Action item: Leaving the pictures aside, repeat every line below exactly.

Data extract:

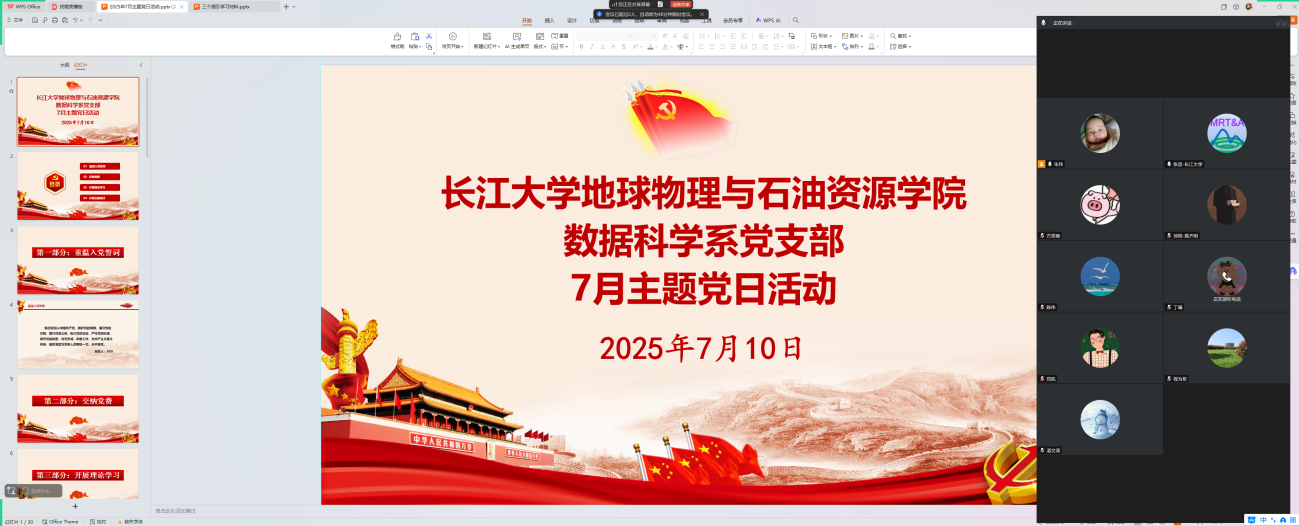 (通讯员 游菁)7月9日至10日,地物学院各教工党支部先后开展了7月支部主题党日活动,各教工党支部全体党员参加活动,会议由各教工党支部书记主持。
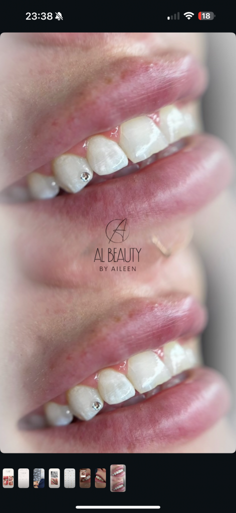 Schmuckstücke (Steine, Silikon- oder Metallanhänger, die an den Zähnen befestigt werden. Beliebt als individuelles Stilmittel.
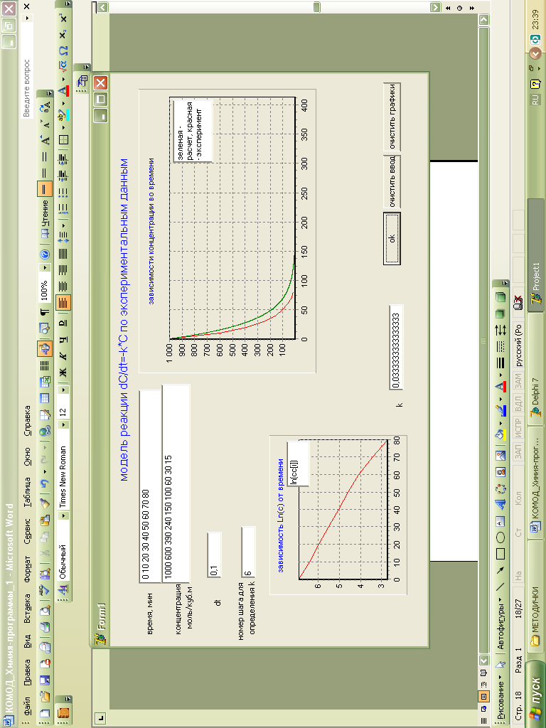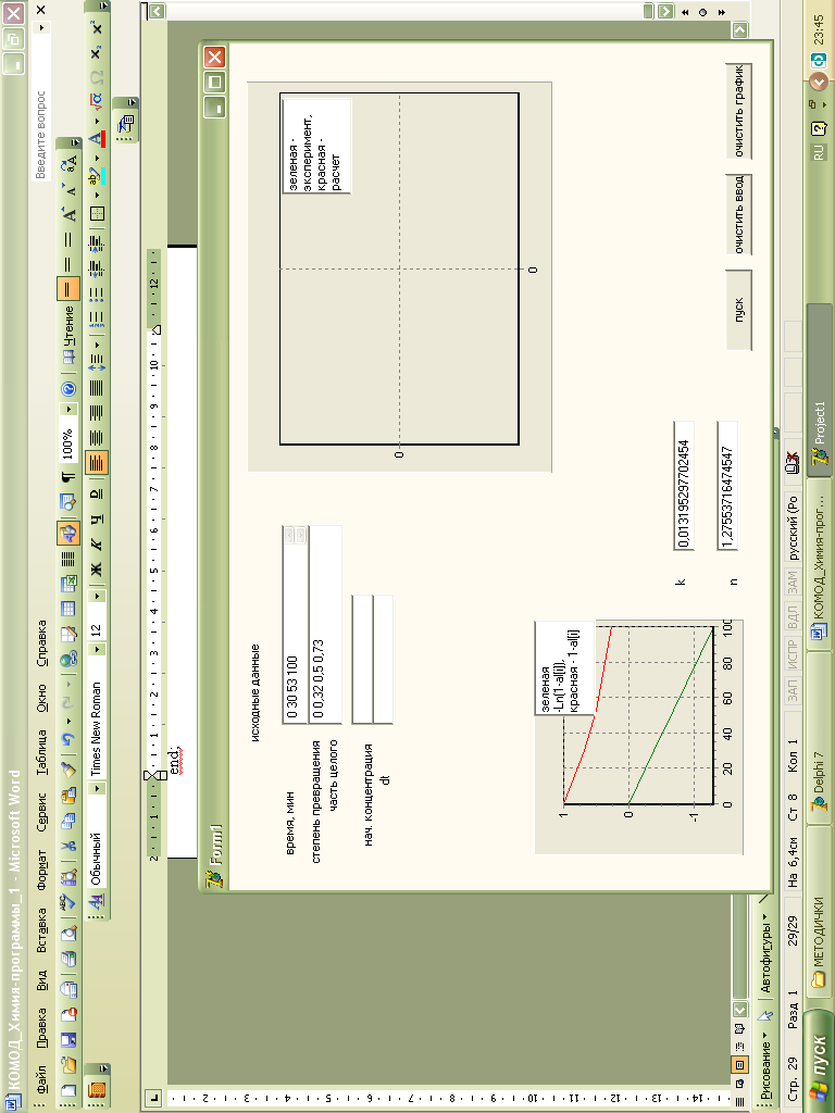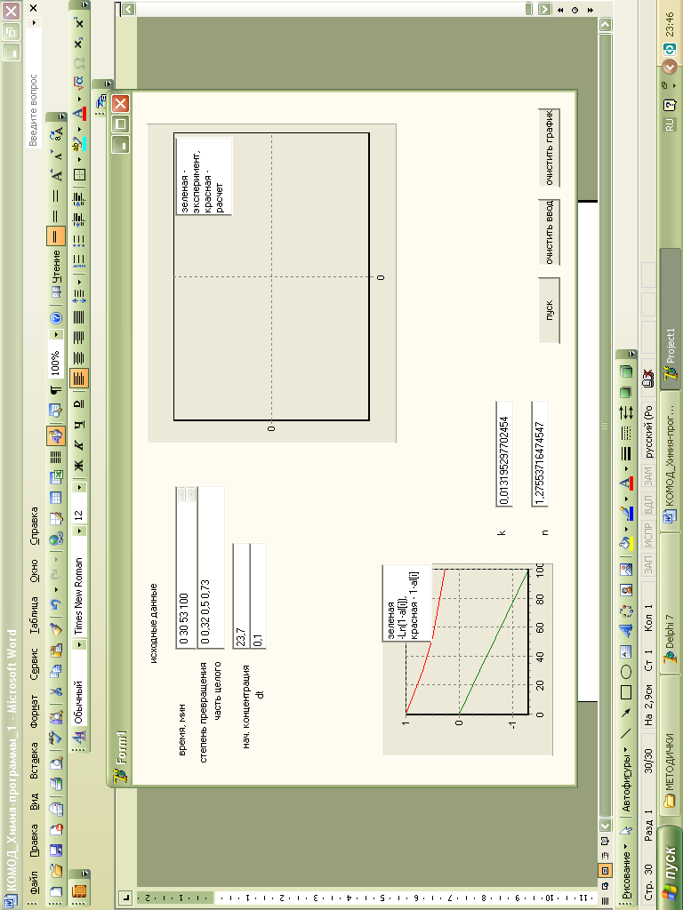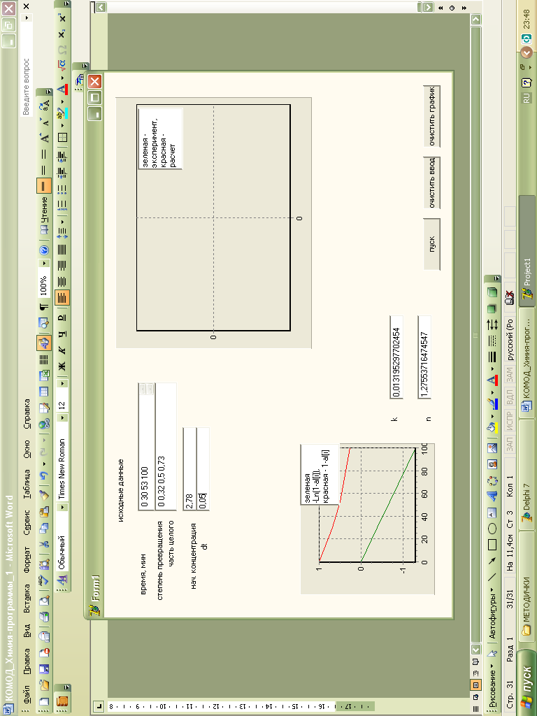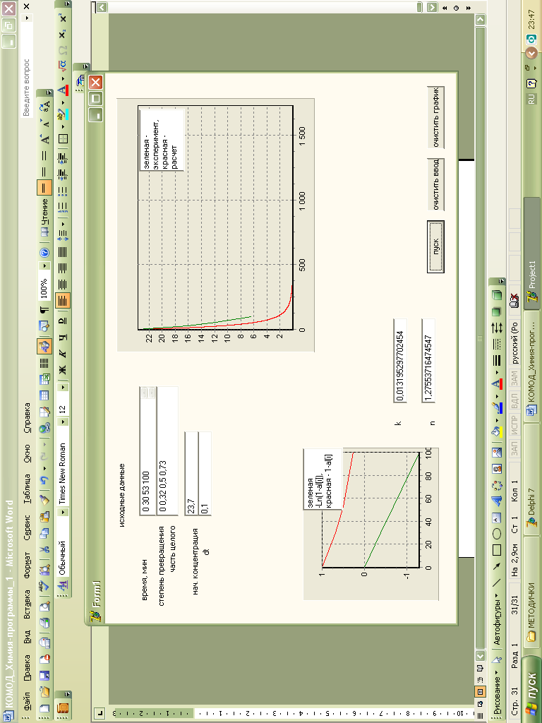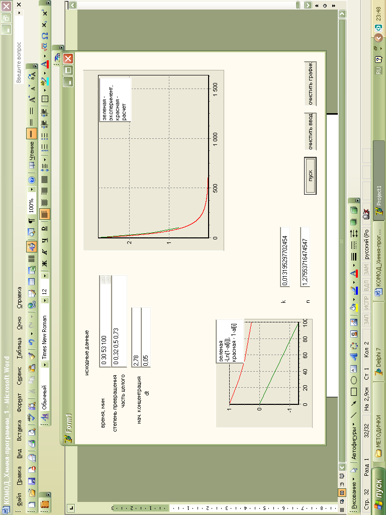 Рис. 28 Окно программы с расчетом константы скорости (k) и порядка реакции (n)

Expected answer:
 (通讯员 游菁)7月9日至10日,地物学院各教工党支部先后开展了7月支部主题党日活动,各教工党支部全体党员参加活动,会议由各教工党支部书记主持。
 Schmuckstücke (Steine, Silikon- oder Metallanhänger, die an den Zähnen befestigt werden. Beliebt als individuelles Stilmittel.
 Рис. 28 Окно программы с расчетом константы скорости (k) и порядка реакции (n)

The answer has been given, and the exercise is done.